Kranarch y Gnarfi les recibieron con sus propias espadas, y el último también con una daga en la mano izquierda. El combate que se entabló tenía la misma lentitud irreal que el intercambio de proyectiles. Al principio, la acometida de Fafhrd y el Ratonero les dieron ventaja. Luego, la gran fuerza de Kranarch y Gnarfi —o más bien el hecho de que estaban descansados— se impuso, y casi arrojaron a sus enemigos por el borde del saliente. Fafhrd recibió un corte en las costillas que atravesó la túnica de dura piel de lobo, desgarrando la carne y rozando el hueso.

Pero, como suele ocurrir, al final triunfó la habilidad sobre la fuerza bruta y los dos hombres vestidos de marrón recibieron heridas que les hicieron desistir de la lucha; se volvieron de súbito y echaron a correr por la gran arcada blanca, triangular y puntiaguda, del Ojo de la Aguja. Mientras corría, Gnarfi gritaba: «¡Graah!», «¡Kruk!».

—Sin duda llama a sus servidores o porteadores cubiertos de pieles —conjeturó el jadeante Ratonero, apoyando el brazo que blandía la espada en la rodilla, casi extenuado—. Parecían un par de robustos destripaterrones, poco duchos en el manejo de las armas. No creo que deban inspirarnos mucho cuidado, aun cuando acudan a la llamada de Gnarfi.

Fafhrd asintió, pero añadió con voz entrecortada:

—Sin embargo, han escalado Stardock ....

Su tono era dubitativo.

En aquel instante, corriendo con las patas traseras y las garras arañando la roca barrida por el viento, las fauces rojas muy abiertas, mostrando los agudos colmillos, y las patas delantera extendidas, dos enormes osos pardos cruzaron el arco cubierto de nieve.

Con una celeridad de la que habían sido incapaces al enfrentarse con sus enemigos humanos, el Ratonero empuñó el arco de Kranarch y disparó dos flechas, mientras Fafhrd hacía girar su hacha en un círculo destellarte y la arrojaba.

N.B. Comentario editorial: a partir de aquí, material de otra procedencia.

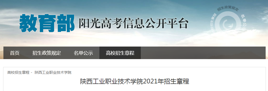 從教育部陽光高考信息公開平臺獲悉,陜西工業(yè)職業(yè)技術(shù)學院2021年招生章程已公布,具體詳情如下:
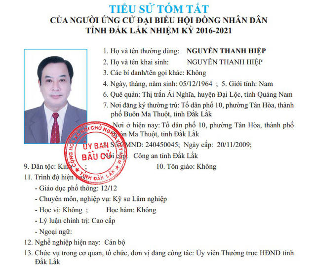 (PLO) - Dù chưa có bằng đại học nhưng trong hồ sơ lý lịch, Phó Chủ tịch HĐND tỉnh Đắk Lắk Nguyễn Thanh Hiệp vẫn khai có trình độ chuyên môn nghiệp vụ là kỹ sư lâm nghiệp. Giải thích sự việc này, ông Hiệp cho là “do yếu tố lịch sử”.
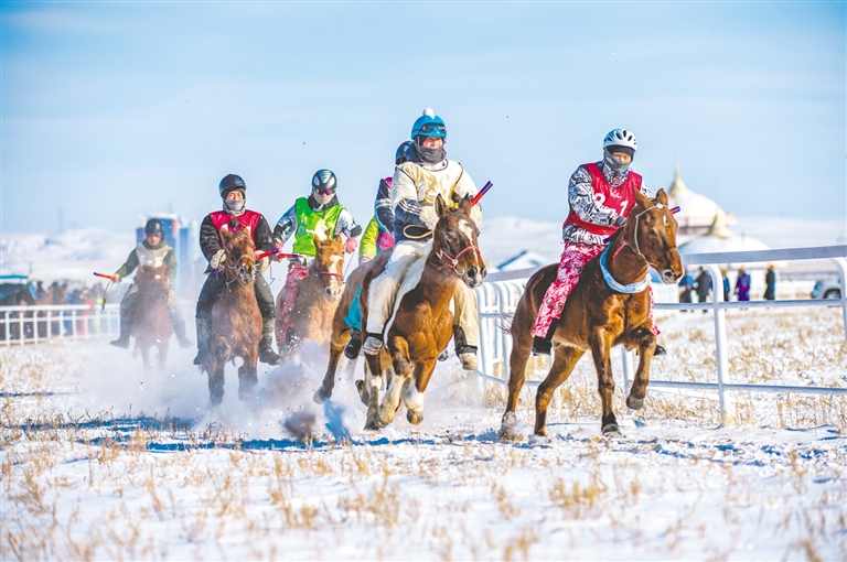 1月18日,锡林浩特市那达慕风情园内马蹄踏雪、人声鼎沸,“歌游内蒙古·畅享锡林浩特”——冬季那达慕暨蒙古马超级联赛在欢腾的歌声中拉开序幕。

Entonces los dos camaradas saltaron velozmente a sus lados respectivos, el Ratonero blandiendo a Escalpelo, mientras Fafhrd desenvainaba su cuchillo.

Pero no hubo ninguna necesidad de continuar la lucha. La primera flecha del Ratonero alcanzó en el cuello al oso que iba en cabeza, y la segunda atravesó el velo del paladar y se alojó en el cerebro. El hacha de Fafhrd se hundió hasta el mango entre dos costillas del oso rezagado. Los grandes animales cayeron sobre su propia sangre, presa de agónicas convulsiones, y rodaron hasta caer estrepitosamente por el borde del precipicio.

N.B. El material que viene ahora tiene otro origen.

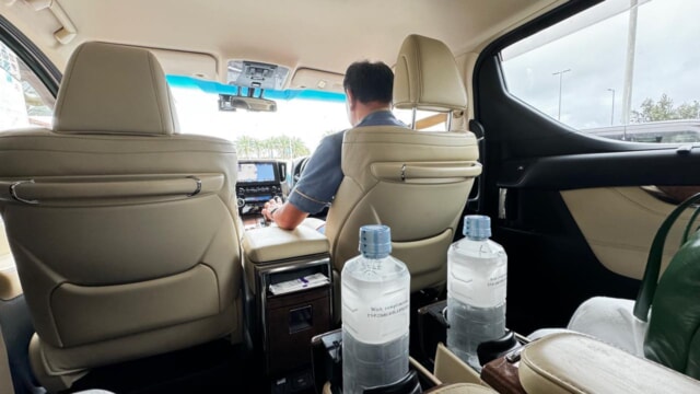 ▲今回は取材ということで、特別に広々快適な高級ワンボックスで送迎してもらいました

—Sin duda eran dos hembras —observó el Ratonero, contemplando su caída—. ¡Ah, esos hombres bestiales de Illik—Ving! Pero, en fin, encantar o adiestrar a tales bestias para que carguen con bultos, escalen montañas e incluso den sus pobres vidas...

—Kranarch y Gnarfi no son buenos perdedores —dijo Fafhrd—. De eso ya no cabe ninguna duda. No alabes sus trucos.

Mientras decía esto, el nórdico se introducía un paño bajo la túnica, sobre su herida. Tenía el rostro congestionado de dolor y soltaba tales juramentos que el Ratonero no le hizo partícipe del juego de palabras que se le acababa de ocurrir: «En fin, los osos no son más que porteadores acortados.

Entonces los dos camaradas avanzaron penosa y lentamente bajo el alto arco de nieve, en forma de tienda de campaña, para examinar los alrededores, el punto más alto de todo Nehwon, del que se habían enseñoreado... En aquel momento de triunfo y extrema fatiga se negaron a pensar en los seres invisibles que eran los verdaderos señores de Stardock. Caminaban con cautela, pero no excesiva, porque Gnarfi y Kranarch habían huido asustados, con heridas que no eran triviales..., y el último había perdido su arco.